De raadsvrouwe van verdachte heeft ter terechtzitting primair bepleit dat het openbaar ministerie wegens schending van het gelijkheidsbeginsel niet ontvankelijk dient te worden verklaard ten aanzien van feit 1. Dit omdat [getuige 1] - gehoord als getuige - kennelijk niet wordt vervolgd, terwijl [getuige 1] zich volgens zijn eigen verklaringen samen met onder andere verdachte ook zou hebben schuldig gemaakt aan het onder 1 tenlastegelegde feit.
De officier van justitie heeft aangevoerd dat van niet-ontvankelijkheid van het openbaar ministerie geen sprake kan zijn, daar de gevallen van vervolging van verdachte en (nog) niet-vervolging van [getuige 1] niet gelijk zijn.

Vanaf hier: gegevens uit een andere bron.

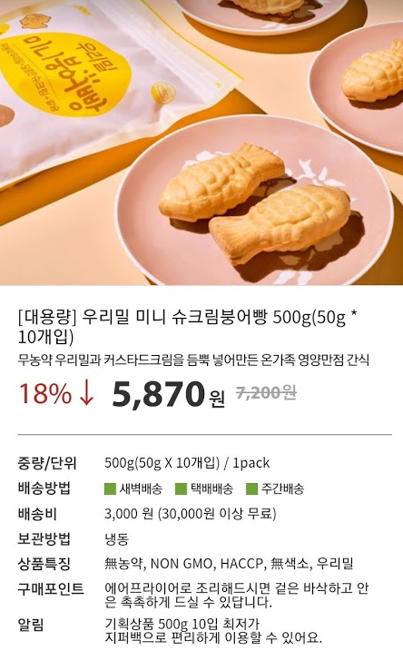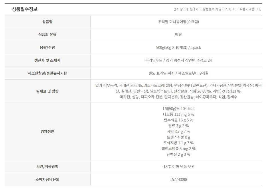 길가에서 파는 일반적인 붕어빵보다 사이즈가 작은 미니붕어빵이다. 냉동이고, 50g 10개로 총 500g이다.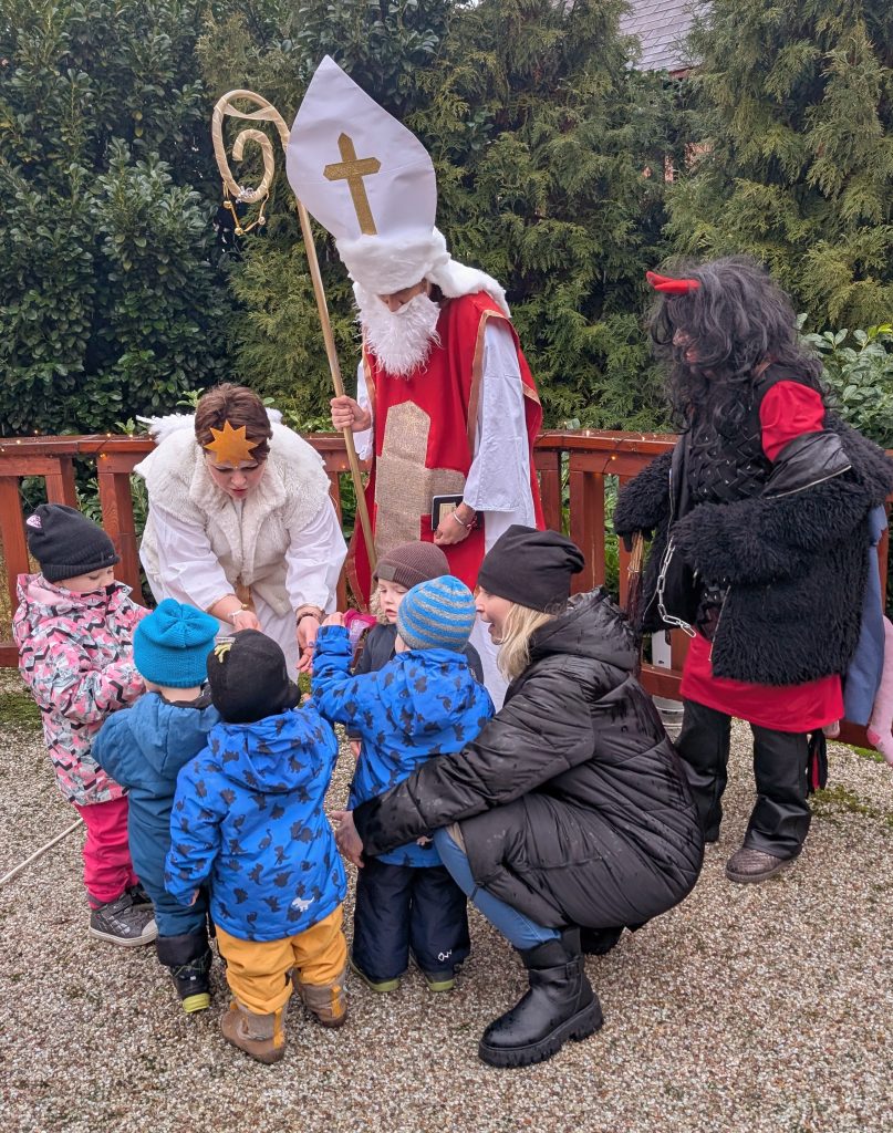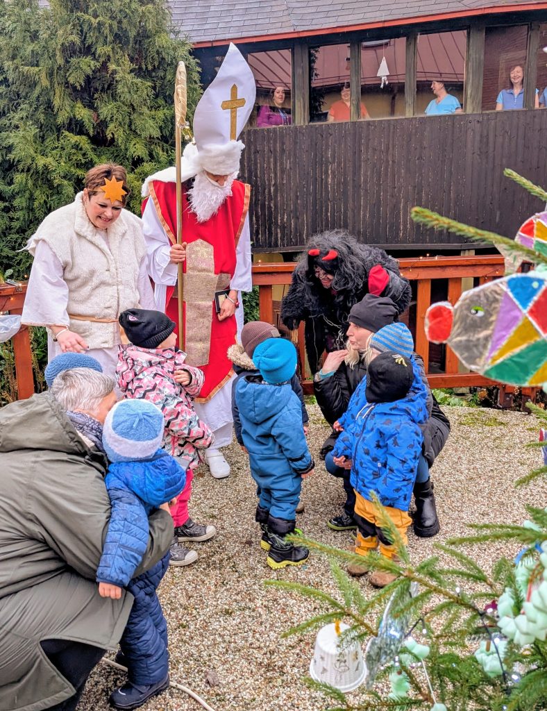 Na ozdobený stromeček se přišli podívat Mikuláš, Anděl i Čert a nebojácné děti jim zarecitovaly básničku, kterou se pro ně naučily: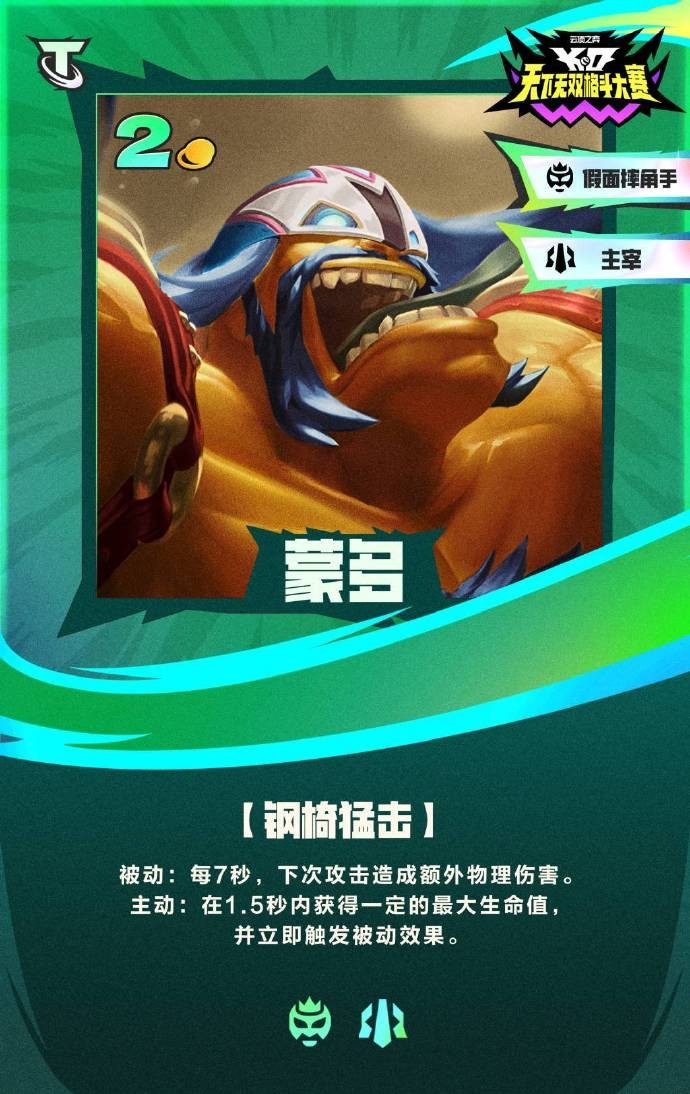 云顶之弈S15版本天下无双格斗大赛主题PBE美测服更新了,在新赛季会增加很多新的羁绊和棋子,还有不少老羁绊,老英雄的回归,那么有不少小伙伴好奇各个英雄的技能是什么,下面就给大家带来s15蒙多羁绊效果一览。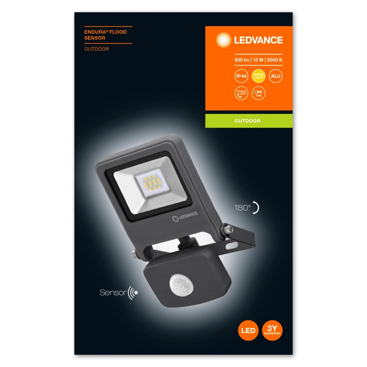 Naświetlacz LED Reflektor Zewnętrzny Lampa 10W 800lm 3000K IP44 Szary Z Czujnikiem Ruchu i Zmierzchu Endura Ledvance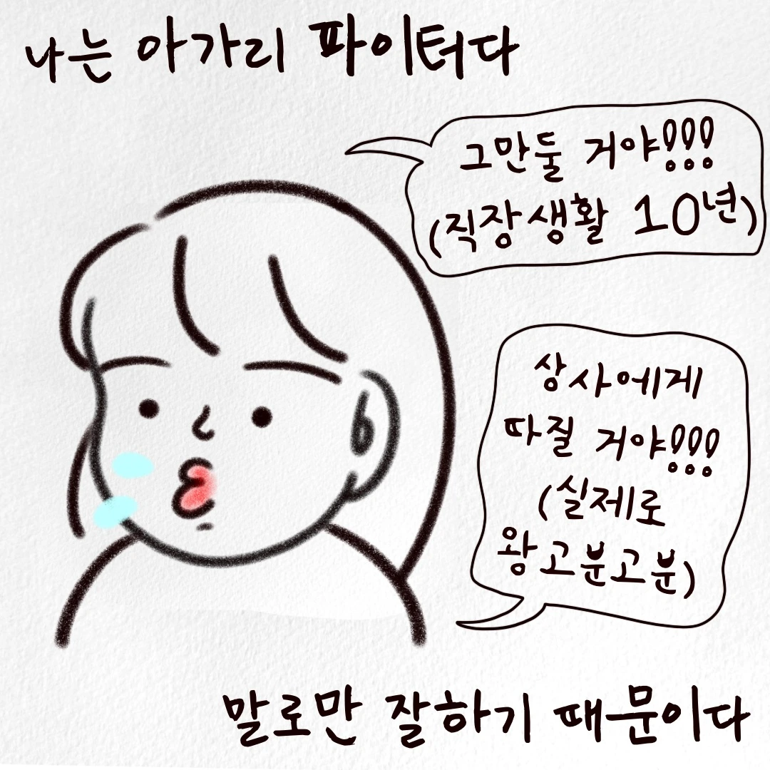 아가리 파이터로 살아가는 우리 직장인 독자님들! 가슴에 응어리만 지지 않게 그때 그때 풀면서, 아가리로 싸우고 맛있는 거 먹고! 다시 출근이나 하자고요♡
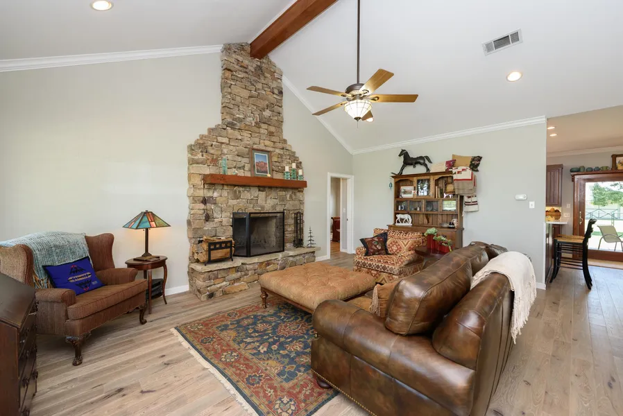 Stunning, pristine property.Metal workshop with insulated walls, plumbed for bathroom,T elephone and satellite. Barn with tack room, wash rack, 2 open and 2 enclosed stalls, 2 pasture pens, portable loafing shed. Electricity and water available all pastures. Cattle working pens and loading shutes.Garden area, chicken coop,two covered patios, kennel, great for entertaining.Co op water available. Kit app new.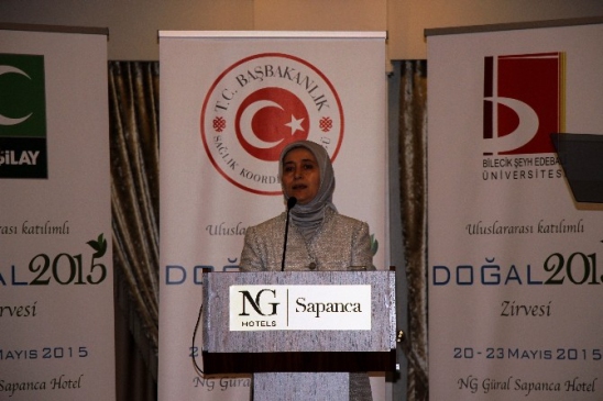 Sakarya'nın Sapanca ilçesinde düzenlenen Türkiye Doğal Beslenme ve Yaşam Boyu Sağlık Zirvesi'nde konuşan Emine Erdoğan, “Kaşığımızdaki her lokma sadece bedenimizi değil, geleceğimizi de tehdit ediyor. Bu nedenle beslenme kaynaklı sağlık sorunlarımızı halletmeden Türkiye'yi kalkındıramayız” ifadesini kullandı. Zirve, 20-23 Mayıs tarihleri arasında gerçekleştiriliyor ve Türkiye Cumhuriyeti Başbakanlığı, Türkiye Yeşilay Cemiyeti ile Bilecik Şeyh Edebali Üniversitesi tarafından ortaklaşa düzenleniyor. Etkinliğe Emine Erdoğan'ın yanı sıra Başbakan Ahmet Davutoğlu’nun eşi Sare Davutoğlu ve çeşitli bakanlar da katıldı. Sare Davutoğlu, sağlıklı beslenmenin yalnızca belirli besin gruplarını tüketmekle sınırlı olmadığını, üretimden sofraya kadar her aşamada dikkat edilmesi gereken kriterler olduğunu belirtti. Emine Erdoğan, obezite ve açlık sorunlarına da değinerek, çocuklara sağlıklı beslenme alışkanlıklarının kazandırılması gerektiğini vurguladı. Ayrıca, doğal gıdanın önemine dikkat çekerek, tarım ilaçlarının olumsuz etkilerinden bahsetti. Zirve sonunda katılımcılara teşekkür plaketi verildi.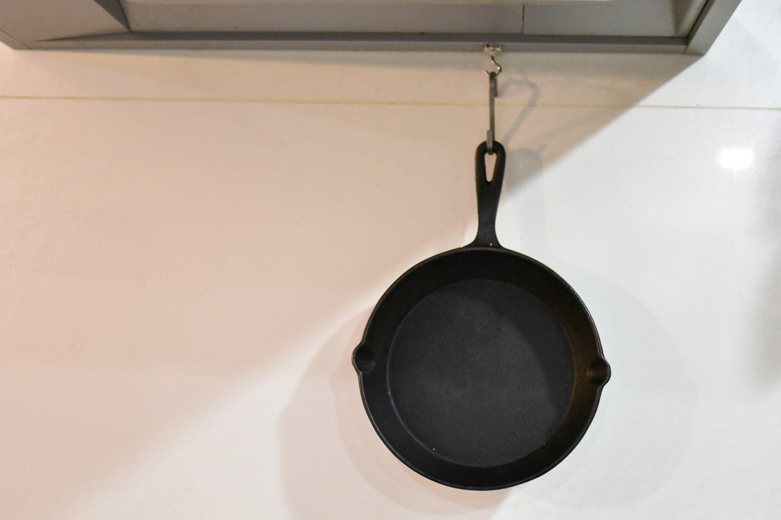安定した接着力で、吊り下げることができました。スキレットの重さに耐えられるのですから、お玉やトングなどのキッチン用品を安心して吊り下げられそうです。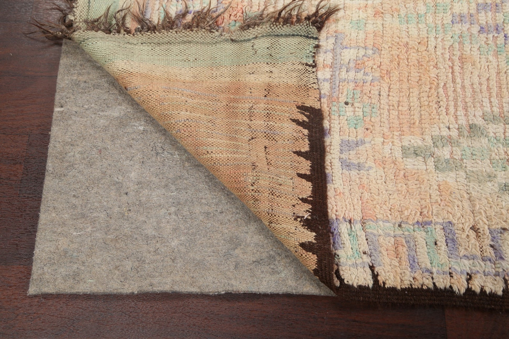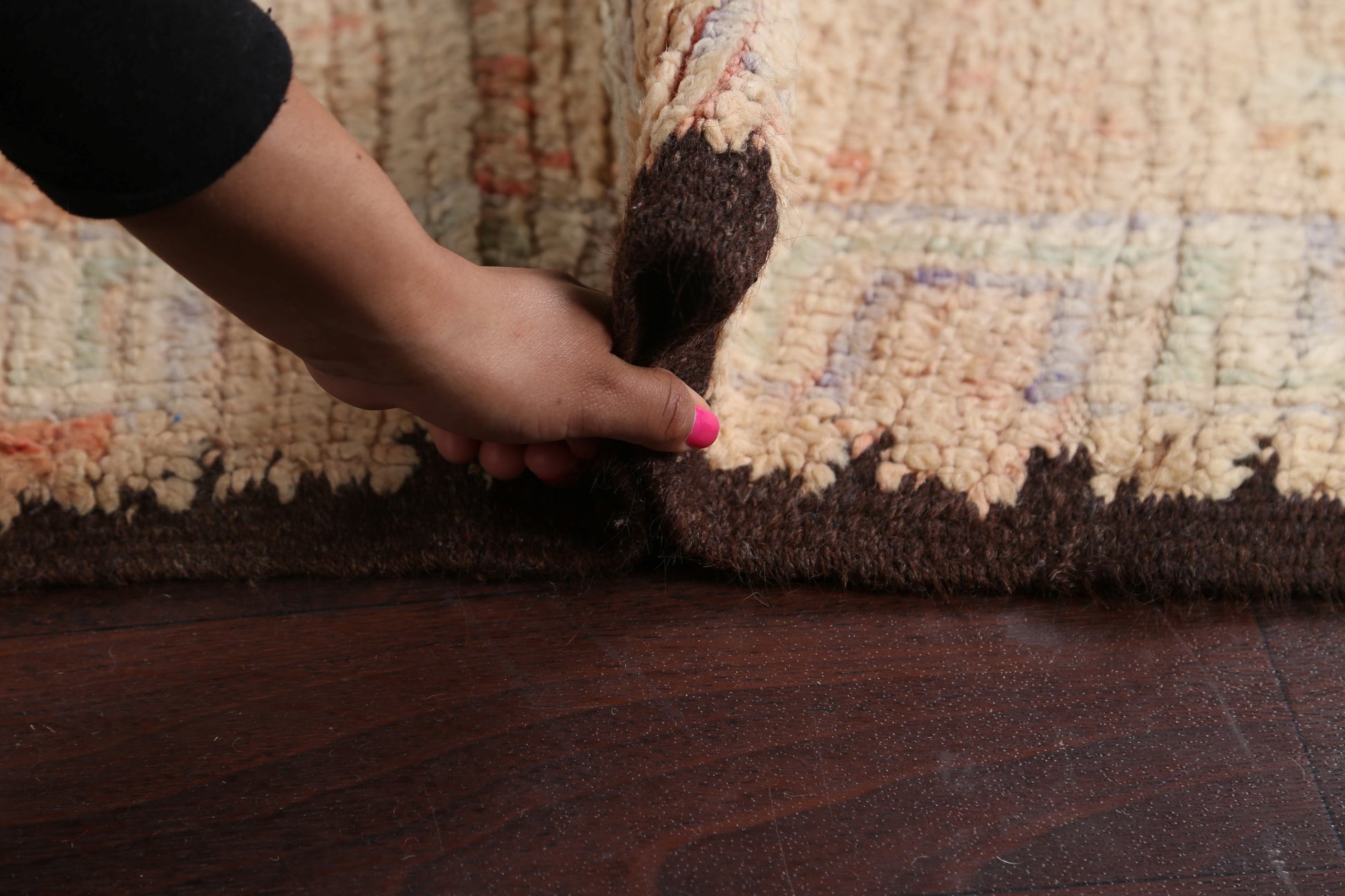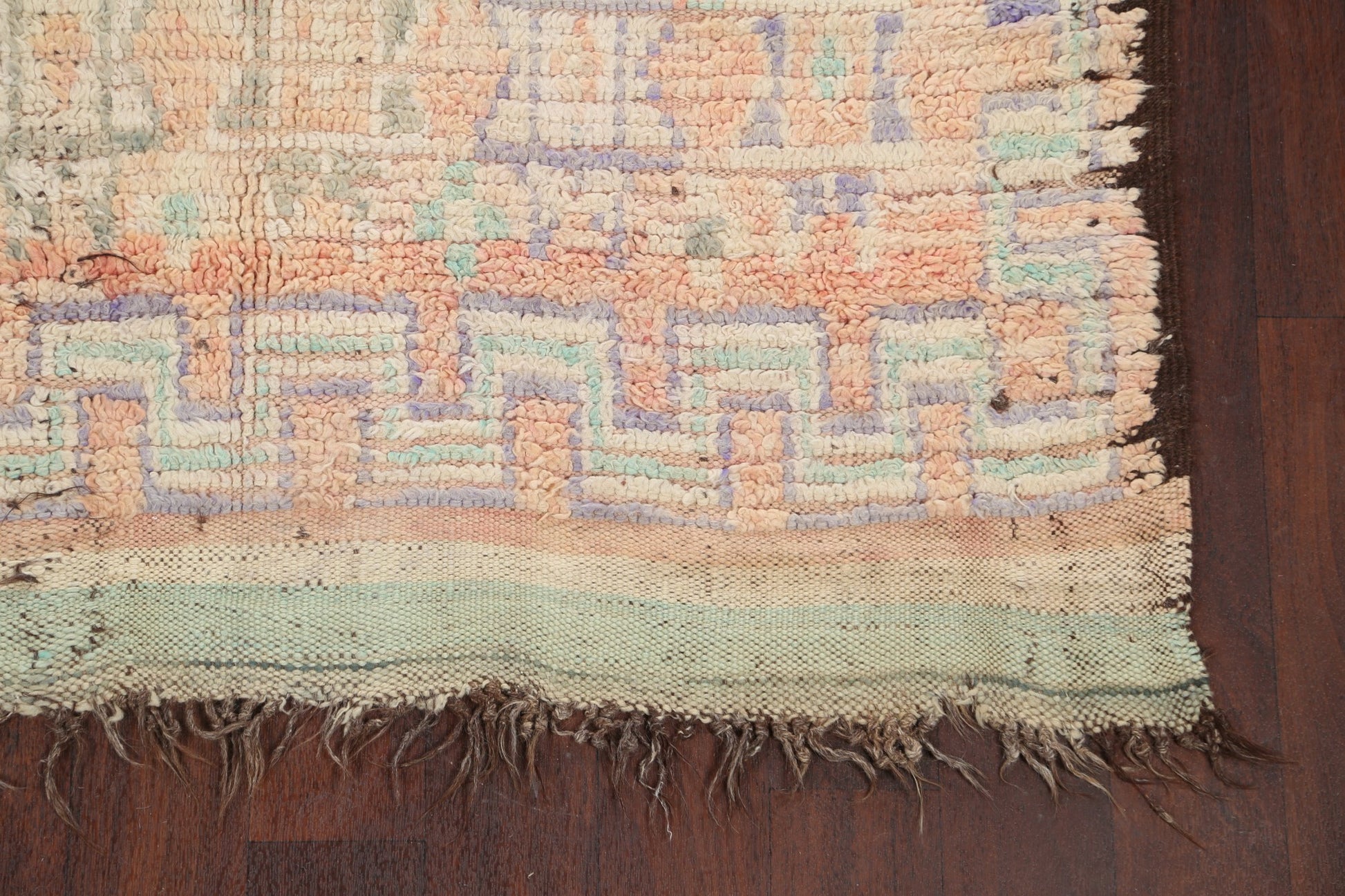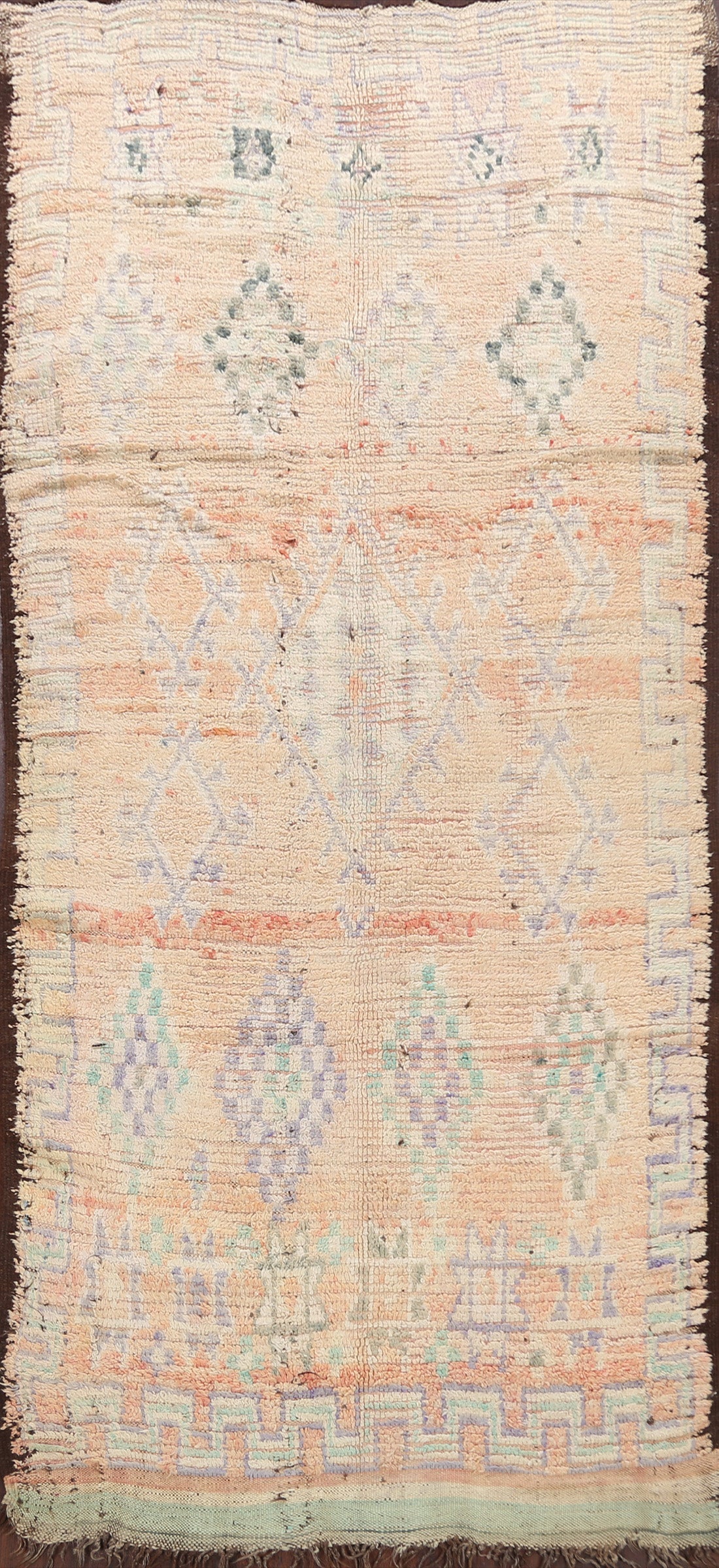 A Beautiful Genuine Morocco Moroccan rug is Hand Knotted by skillful weavers in Morocco with 100% Wool Material. This rug is in Very Good (Low Pile) condition. dimensions are 10' 9'' X 4' 9'' in foot and 328 X 145 in centimeter. the primary color is Peach.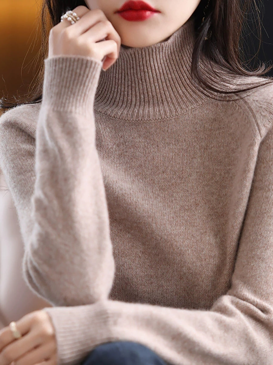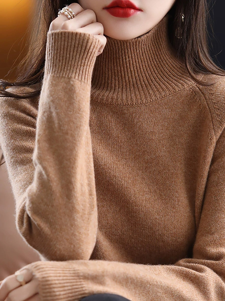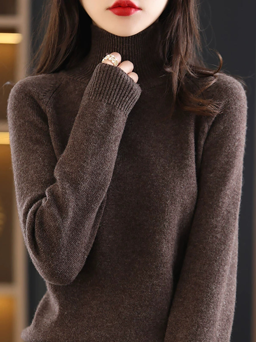 Ženski jesenski pulover s dolčevitom u čistim bojama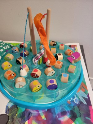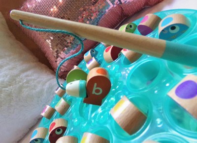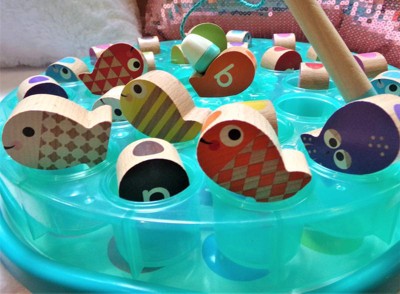 [This review was collected as part of a promotion.] I'm glad we found this fun new game to incorporate into our alphabet learning time. First of all, it doesn't feel flimsy like some children's games. It's very well-made and the pieces feel substantial. The game consists of a round, transparent blue plastic water base with color-coded holes to tuck the wooden fish into. The magnetic fish have bright patterns on one side and colors and letters when you flip them over. You also get two magnetized fishing poles, as well as a deck of alphabet cards with bonus words on the flip side. The game teaches young kids several skills at once. The fishing poles allow them to develop fine motor skills as they "fish" and manipulate the sea creatures out of their holes. They also learn color matching and the alphabet, graduating to learning simple words. It's so much fun that they won't even realize it's educational! Also, my grade school aged kids didn't mind playing it with the younger one because catching the fish was still fun for them- so that's a bonus.

De rechtbank verwerpt het verweer. De officier van justitie heeft ter terechtzitting verklaard dat nog geen beslissing is genomen omtrent de vraag of [getuige 1] vervolgd zal worden voor de feitelijkheden zoals onder 1 tenlastegelegd. Voor zover al vast zou komen te staan dat [getuige 1] niet vervolgd zal worden, overweegt de rechtbank het volgende. Verdachte wordt, met het onder 1 tenlastegelegde, ook vervolgd voor de onder de feiten 2 tot en met 4 tenlastegelegde gedragingen, welke blijkens de tekst van de tenlasteleggingen nauw samenhangen met die zoals onder 1 tenlastegelegd. Alleen al om die reden gaat de stelling van de raadsvrouwe, dat sprake is van gelijke gevallen nu de verdenking bestaat dat [getuige 1] zich zou hebben schuldig gemaakt aan de onder 1 tenlastegelegde gedragingen, niet op. Dit betekent dat de officier van justitie ontvankelijk is in zijn vervolging.
Er zijn voorts geen redenen voor schorsing van de vervolging.
3. Standpunten van partijen ten aanzien van het bewijs
3.1 Standpunt van de officier van justitie
Ter terechtzitting heeft de officier van justitie geconcludeerd tot bewezenverklaring van de tenlastegelegde feiten.
3.2 Standpunt van de verdediging
Ter terechtzitting heeft de raadsvrouwe van verdachte bepleit dat de onder 2, 3 en 4 tenlastegelegde feiten niet wettig en overtuigend bewezen kunnen worden en dat verdachte derhalve van deze feiten dient te worden vrijgesproken.
4. Standpunt van de rechtbank ten aanzien van het bewijs
4.1 Gedeeltelijke vrijspraken
Feit 2
Ten aanzien van de twee plakken hasj genoemd in feit 2, overweegt de rechtbank het volgende. In het dossier bevindt zich een geschrift bevattende een goederenlijst van de in de growshop te Uitgeest aangetroffen goederen, waaronder twee plakken hasj (map 28, p. 61). Echter, in het dossier bevinden zich geen bewijsmiddelen waaruit blijkt dat de inbeslaggenomen plakken ook daadwerkelijk bestaan uit het gebruikelijke vaste mengsel van hennephars en plantaardige elementen van hennep. Bij gebreke hiervan zal de rechtbank verdachte vrijspreken van de aanwezigheid hiervan.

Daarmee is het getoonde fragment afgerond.